The science community, understandably reluctant to use words like “cure” or “heal,” does use the word “remission” to describe the surgery’s beneficial effects on diabetic patients. In many cases that description has morphed into “long-term remission.” (That last phrase means five or more years without any type 2 diabetes symptoms.)

 

Bariatric surgery is now a plausible candidate for becoming an accepted tool in diabetes management.
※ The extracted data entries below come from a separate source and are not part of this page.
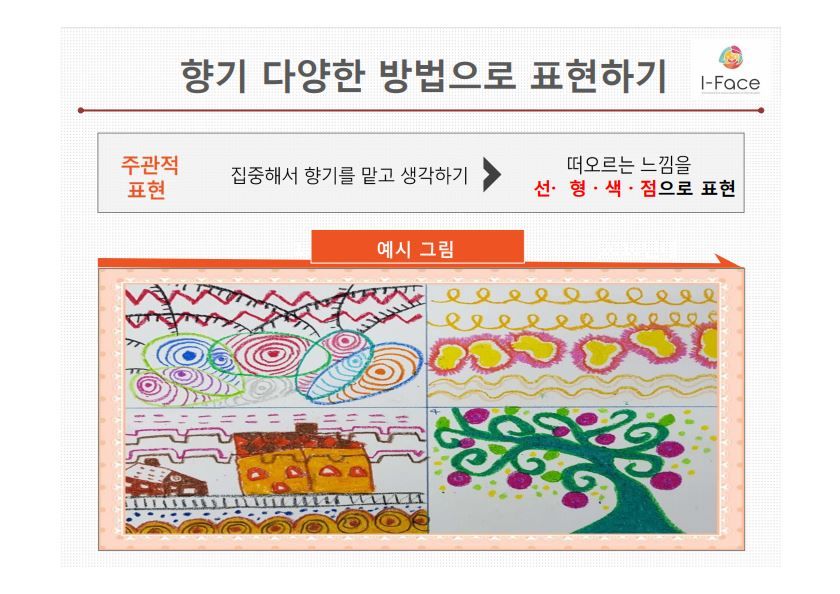 향기는 눈에 보이지 않고, 같은 향을 맡아도 다른 기억과 감성을 끌어낼 수 있는 아주 흥미로운 교육도구입니다.
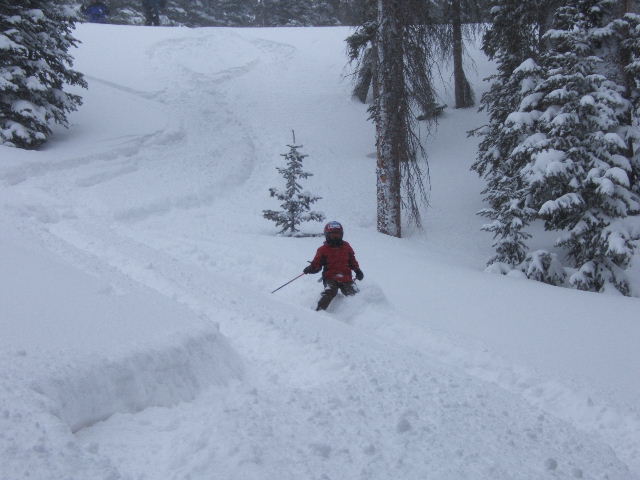 While the parents and short folks soaked at the hot springs on the 29th, I returned to ski by myself in some of the more interesting terrain towards the Alberta lift. There was an additional 5" overnight and the single digit temperatures kept the snowack very dusty. There are plans for more development at Wolf Creek which has generated a lot of controversy. It certainly exceeded my expectations.
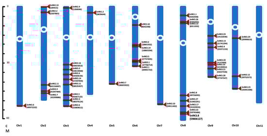 Chromosomal localization of the SnRK genes. The sequences of 42 genes of SnRK genes were identified on P. vulgaris genome. The chromosomes are represented by the numerically distributed blue bars. Red bands and triangles indicate the location of each gene on the chromosome. The numbers in the parenthesis represent the start site of the individual SnRK gene location on the P. vulgaris genome.
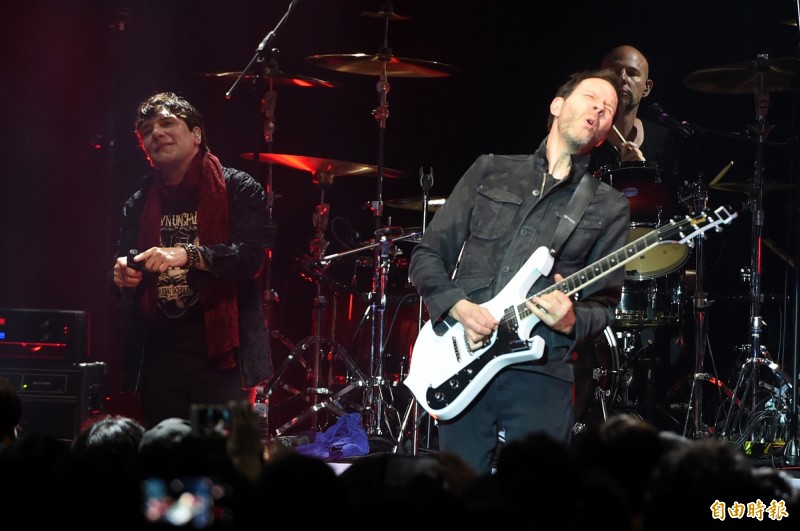 〔記者吳琬婷/台北報導〕美國搖滾樂團「大人物合唱團」(Mr. Big)今晚在三創生活園區CLAPPER STUDIO演出,演唱會先由知名歌曲《Daddy, Brother, Lover, Little Boy》開唱,演唱到間奏時吉他手Paul Gilbert還特別與貝斯手Billy Sheehan互飆搖滾,同時兩人還特別大秀了一段用電鑽彈奏樂器,讓台下的樂迷尖叫連連。
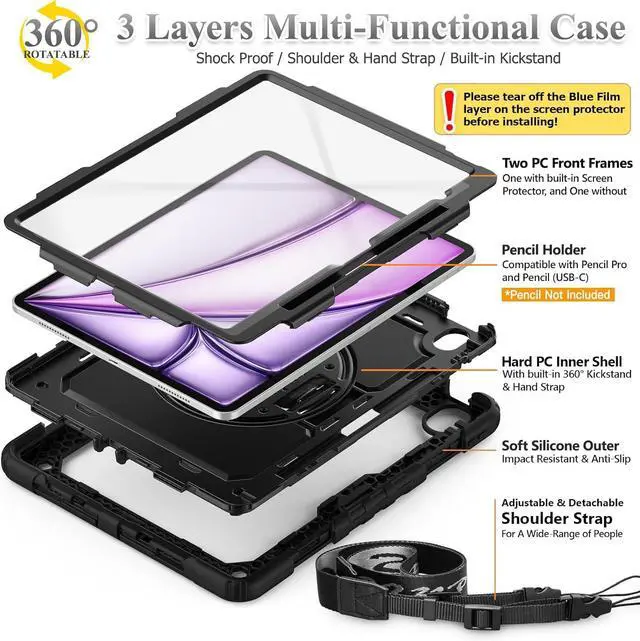 [Adjustable Hand & Shoulder Strap] Hold device comfortably one-handed with soft hand strap for presentations, navigation, document scanning; Adjustable, Detachable shoulder strap for a wide-range of users, carry your device by side and hands-free at all times, case for iPad Air 13 inch M3 M2 suited for business/travel
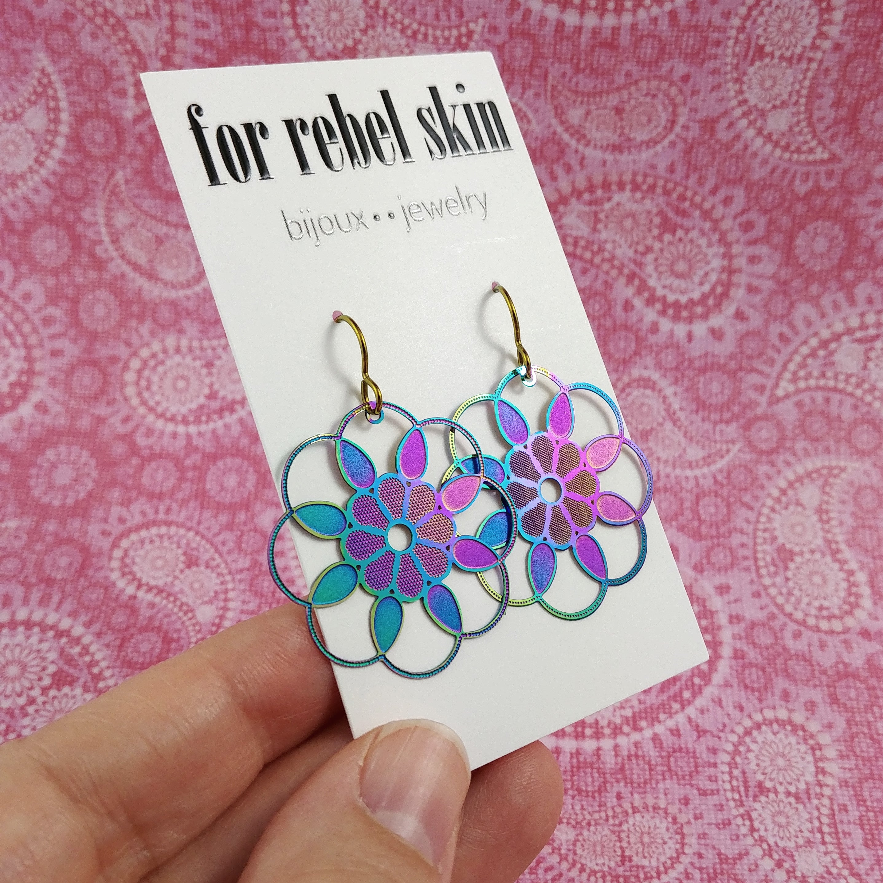Boucles d'oreilles arc-en-ciel rosace - Niobium - Boucles d'oreilles art déco hypoallergéniques
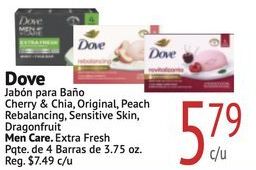 dove jabón baño cherry chia original, peach rebalancing, sensitive skin, dragonfruit care extra fresh pqte. barras reg. $c/u
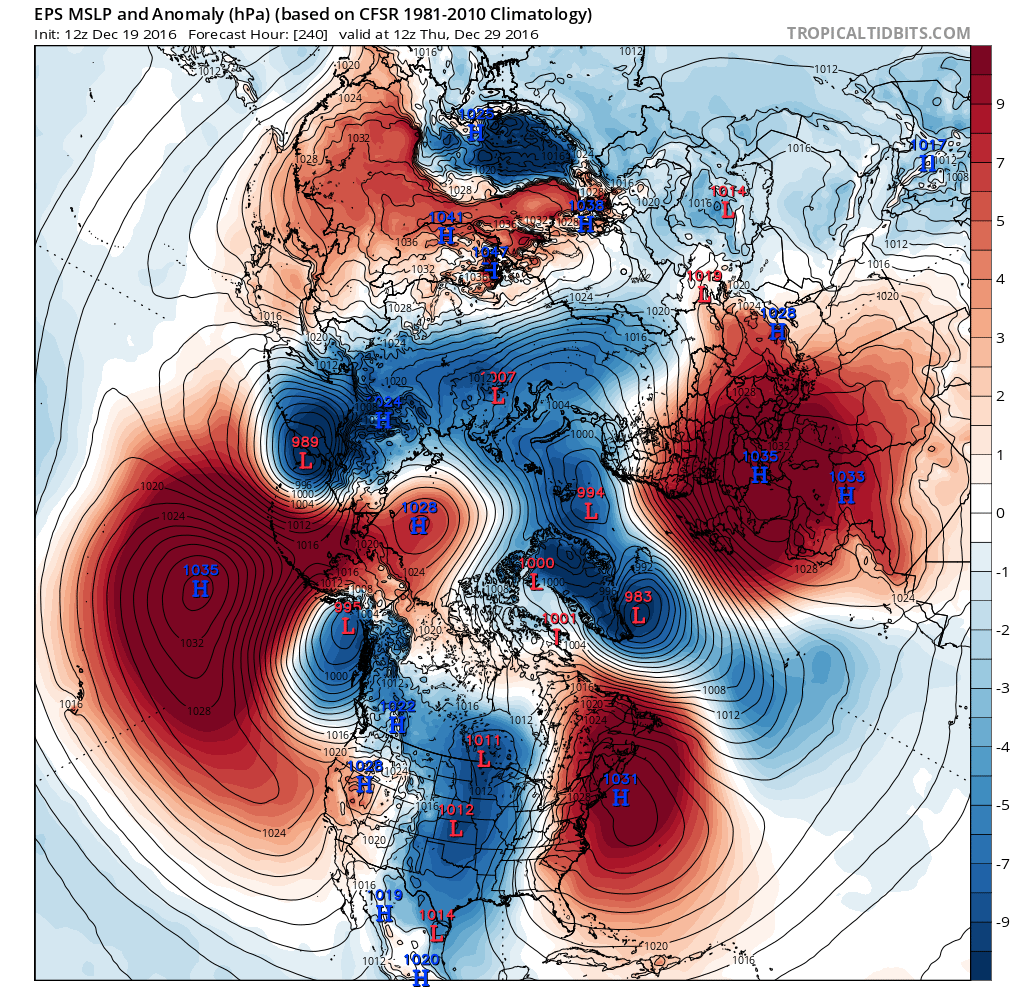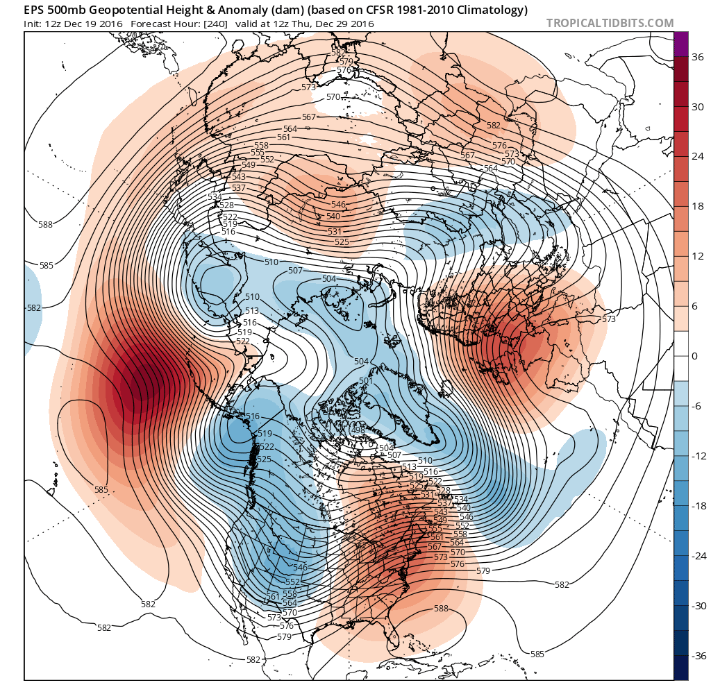 While we don't trust the computer guidance beyond 3 to 5 days, if the longer range ECMWF EPS is correct we could see a Wave 2 Pattern developing in the days after Christmas. Such a Hemispheric Pattern can suggest that Alaska and NW Canada reloads with very cold Arctic air with the potential of a cross Polar flow becoming established. Some of the Teleconnection indices suggest the upper air pattern could become favorable for delivering cold air once again just as 2016 ends and 2017 begins. We will see. Time to enjoy this warm weather while we have it. Winter is unfortunately far from over.

Insurance companies are under increasing pressure to cover the procedure as something other than too extraordinary to pay for.

 

One more factor supporting the increasing resort to bariatric surgery is the news that it cuts the risk of pancreatic cancer in people with diabetes. Pancreatic cancer, which has a high mortality rate because it is most often diagnosed after the cancer has become well embedded in both the pancreas and other organs, is one danger that people with diabetes face.

 

A study conducted by the Allegheny Health Network in Pittsburgh, PA, analyzed the health profiles of 1.4 million medical patients, among whom 10,000 had undergone bariatric surgery. Researchers found that that patients who had undergone bariatric surgery were significantly less likely to develop pancreatic cancer than people who had not had it.

 

Pancreatic cancer affected less than one-fifth of one percent (0.19%) of patients who underwent bariatric surgery versus almost one-third of one percent (0.32%) in people who had not undergone it.

 

Admittedly, it is a very low percentage of people, either with or without diabetes, who develop pancreatic cancer. Still, the percentages reported by the Allegheny researchers are reassuring for people with diabetes, who must contend with a host of other health problems and long-term effects of their disease.